Yeah I probably need more electricity, but I was able to operate a 2000 watt radiator and my laptop at the same time.

No I dont need those insurances. I need to remove them. I have online access to my electricity subscription at Iberdrola at Iberdrola.es.

Do you know how to remove those two things?

Should I just switch to the night plan at once becuase it asks me on my profile at Iberdrola if I want to switch. Or do you have some other recommended plans?

Ive heard the Home Plan (Protecion Electrica Hogar) Has a contract period for one year which cant be broken under that one year period unless I pay a fine for breaking the contract. Where can I disable that home plan on the online page?

And thanks for helping me.


----------



## smint1234 (Mar 30, 2016)

I just spoke with Iberdrola and my Spanish was decent. I was able to talk with her and explain my needs and she said theres no fee to cancel the Home Plan and Seguro de Pagos.

I just had to choose a new plan to remove those insurances and it would not be any fee.

She would then send the offer electronically for me to sign.

Im gonna call the English speaking department tomorrow just to be 100% sure theres no miscommunication.


----------



## snikpoh (Nov 19, 2007)

smint1234 said:


> I just spoke with Iberdrola and my Spanish was decent. I was able to talk with her and explain my needs and she said theres no fee to cancel the Home Plan and Seguro de Pagos.
> 
> I just had to choose a new plan to remove those insurances and it would not be any fee.
> 
> ...


Great news.

Before you do anything rash (like signing up for the night plan), make sure this is what you need.

I find the 8-hour plan is much more useful as you can break the 8-hours in any way you want (even down to individual hours) and have them anywhere.

For example, if like most people, you use power when you're awake, why not have the cheap rate then? We have some in the afternoon and some in the evening.


----------



## smint1234 (Mar 30, 2016)

snikpoh said:


> Great news.
> 
> Before you do anything rash (like signing up for the night plan), make sure this is what you need.
> 
> ...


Yeah I told her I wanted to review all the plans possible and for me its between the 8 hour plan or night plan, but I guess the 8 hour plan is better because you can adjust which hours in realtime.

One positive with the nightplan is in the winter you can have a radiator on plus laundry, plus dishwasher, plus hot water.

But I have a brand new hot water heater and it takes 50 min for a single shower.

Definitly the 8 hour plan looks best because you can heat up the room you sleep in for a few hours and then go to sleep.

Its interesting these plans, in Norway we dont have plans like this.

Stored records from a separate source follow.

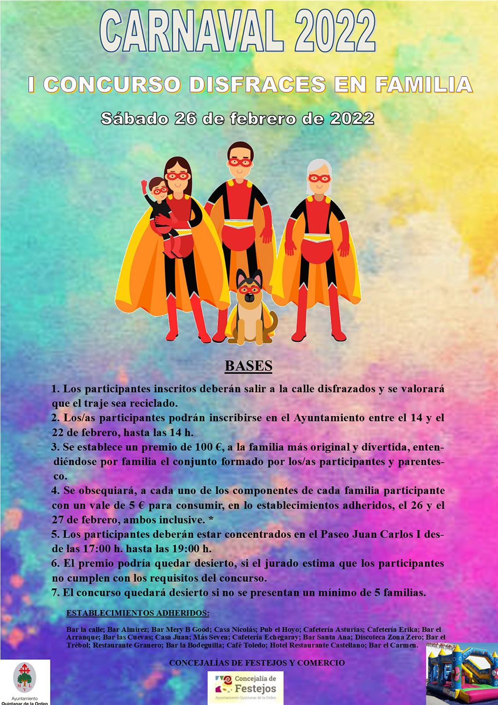 Se establece un premio de 100 euros a la familia más original y divertida, entendiéndose por familia el conjunto formado por las personas participantes y parentesco. Además a cada componentes de las familias participantes se les obsequiará con un vale de 5€ para consumir entre el 26 y el 27 de febrero en los establecimientos para consumir entre el 25 y el 27 de febrero en los establecimientos adheridos que son los siguientes: La Calle, Almirez, Mery B Good, Casa Nicolás, El Hoyo, Asturias, Erika, El Arranque, Las Cuevas, Casa Juan, Más Seven, Echegaray, Santa Ana, Zona Zero, El Trébol, Granero, La Bodeguilla, Café Toledo, Castellano.
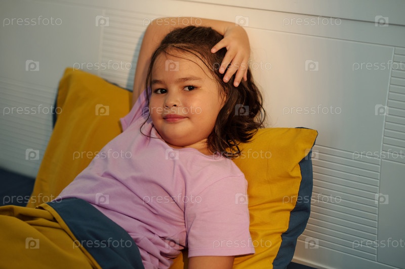 Расслабляясь в своей постели девушка
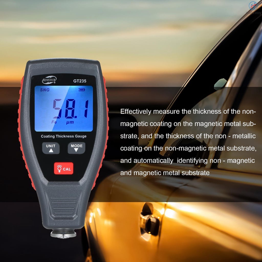 The device can make a quick and effective measurement of the thickness of the non-metallic coating on the non-magnetic metal substrate and the thickness of the non-magnetic coating of the magnetic metal substrate. It can also automatically identify the magnetic and non-magnetic metal substrate.
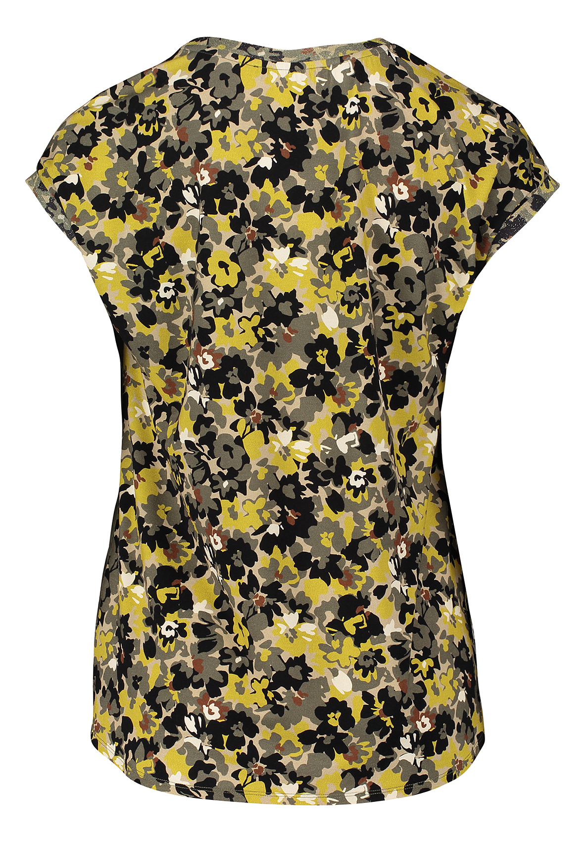 Эта футболка обращает на себя внимание эклектичным принтом с цветочными мотивами. Металлизированные элементы придают легкий блеск. Другие особенности дизайна - свободный покрой, вырез горловины "лодочка", короткие цельнокроеные рукава. Приятный к телу материал из вискозной смеси обеспечивает комфорт.
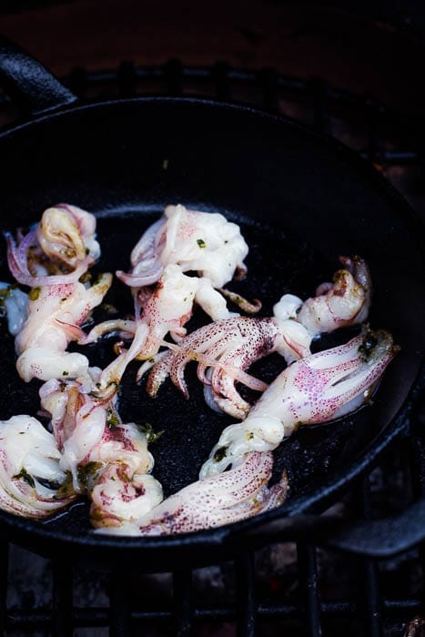 - Smoke the baby squids with their marinade for 30-45 minutes.
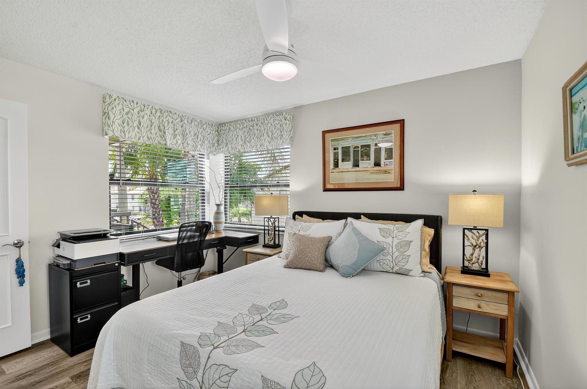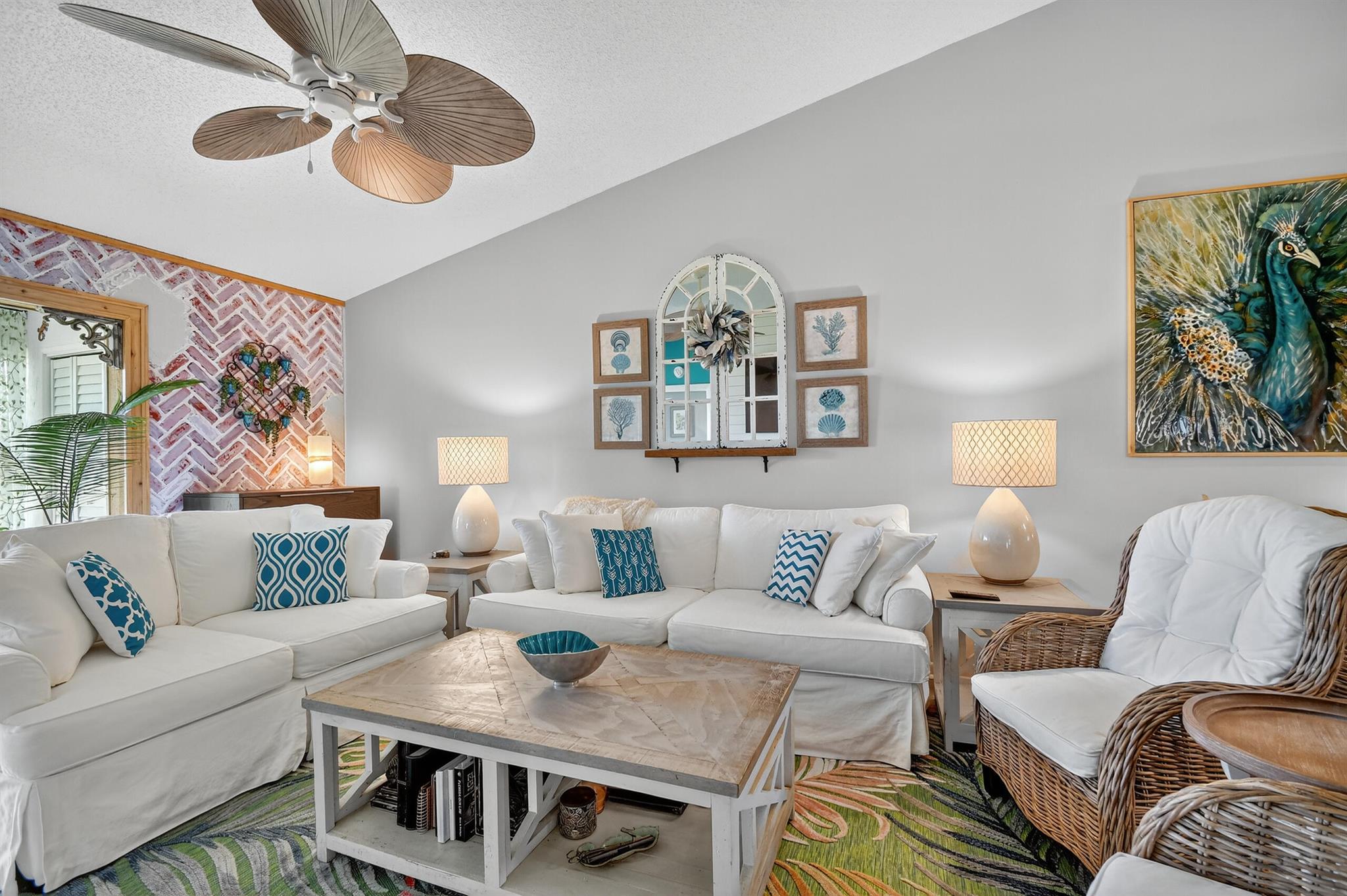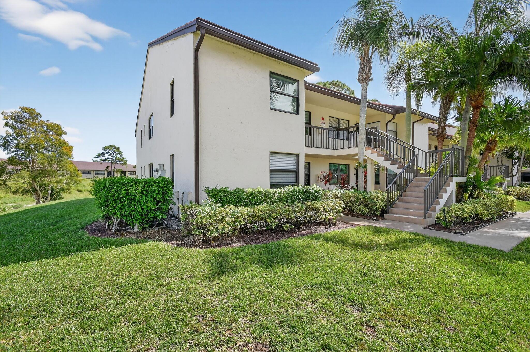 Impeccable, stunning aparment with views of water from all windows. This end unit apartment with vaulted ceilings has been beautifully updated starting with high rated impact windows. The a/c is a larger high efficiency unit, 2 yrs old. The water heater and washer and dryer are 4 years new. Bathrooms have been updated with frameless shower within 1 year. Kitchen with extensive cabinets including by bar stools. Built in firepalce with designer wood accents on wall - doors are upgraded with designer inserts. The patio area has a/c and is part of the home. The views are water and park areas. This is a 2 story building and does not have state required engineering requirements. Roof is 6 1/2 years new. This home is perfect. Close to Turnpike, shopping movie theatre.
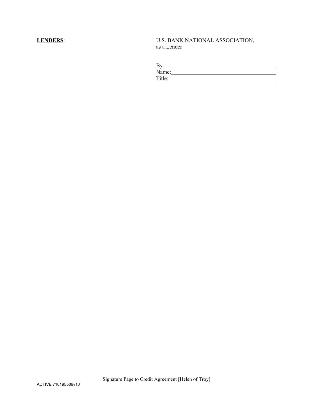 Signature Page to Credit Agreement [Helen of Troy] ACTIVE 716195509v10 LENDERS: U.S. BANK NATIONAL ASSOCIATION, as a Lender By: Name: Title:
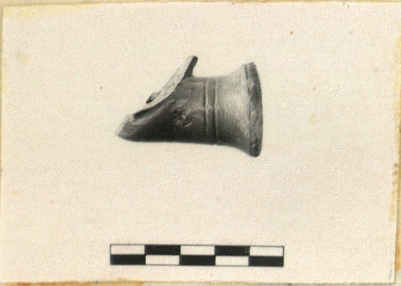 | Description: | Plain flaring stem socket. Grooves around it are the only decoration. Seal on left side. Orange clay, red slip. | |
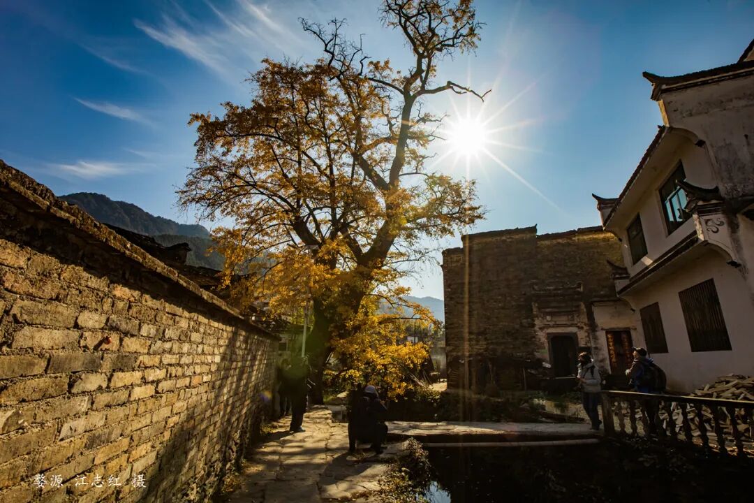 上午:早起前往【石城】观景台,拍摄日出晨雾下的千年古红枫粉墙黛瓦徽派民居、晨曦中袅袅炊烟等天人合一的乡村美景。古村落前后因千年高大的枫树环抱,晨雾时悬挂树腰,当一缕缕阳光洒向晨雾中,呈现出如流金般的美丽。此时傲霜红枫、徽派白墙黛瓦在晨雾中若隐若现,犹如一幅意境深远的山水画,呈现出梦境般的世外仙境,令人陶醉其中,美不胜收!每年都会吸引大批摄影爱好者及游客前来拾秋取景。早餐后后前往“中国最圆的古村落”【菊径村】,拍摄菊径村经典全貌(带上超广角或鱼眼俯拍,广角头最好带上)、廊桥和宗祠古村落、小桥流水人家等,沿途拍摄农家午餐

We have have to pay rent to rent their cables and equipment and then we are charged on what we use, theres no roof how many appliances you can use at once or a standing charge.

Anyways, I think I will go for the 8 hour plan.

For those interested: https://www.iberdrola.es/en/electricity/plan-comparison#resultados

EDIT: The stable plan isnt that bad. Its decent if you are not very stingy and dont like to plan your electricity use.


----------



## stevesainty (Jan 7, 2011)

snikpoh said:


> For a supply of 5.75kW, the standing charge (including the 5.11% tax and IVA) is 27€ per month.
> 
> We are on the 8-hour plan where you can choose which hours you want at cheap rate and those that aren't. It can be in 2 4-hour chunks, 4 2-hour pieces or 8 1-hour pieces
> 
> We pay 8 cents for the 'cheap' rate and 16 cents for the rest.


Looking at the 8 hour plan it looks very good on the face of it but it is more expensive than the night plan.

8 hour plan cheap rate 0.074613€ expensive rate 0.168531€ (Iberdrola Website)

Night plan, currently 23.00 - 13.00 0.069775€ 13.00 - 23.00 0.148533€ (our new contract from6 June)

We have hot water from a gas boiler and the high ticket items, tumble drier, washing machine, & dishwasher we can arrange a delayed start so that they operate overnight (apart from the tumble drier that we ensure we stop using before 13.00) so the night tariff suits us well. 

Our heating is taken care of with a log burner with short periods of the air con in heating mode which uses very little electricity anyway.

I suppose, if you had property that you let, choosing the eight hour plan carefully would mean smaller bills during the summer when visitors are using air conditioning a lot.


----------



## smint1234 (Mar 30, 2016)

stevesainty said:


> Looking at the 8 hour plan it looks very good on the face of it but it is more expensive than the night plan.
> 
> 8 hour plan cheap rate 0.074613€ expensive rate 0.168531€ (Iberdrola Website)
> 
> ...


Yeah, it depends on how much you can get done during the night. Im only one person so I wont be running the washing machine and dishwasher that much, but I shower every day. 

My hot water heater has anti legionella feature so I recon I can let the water stay in there for days without having to have it on.


----------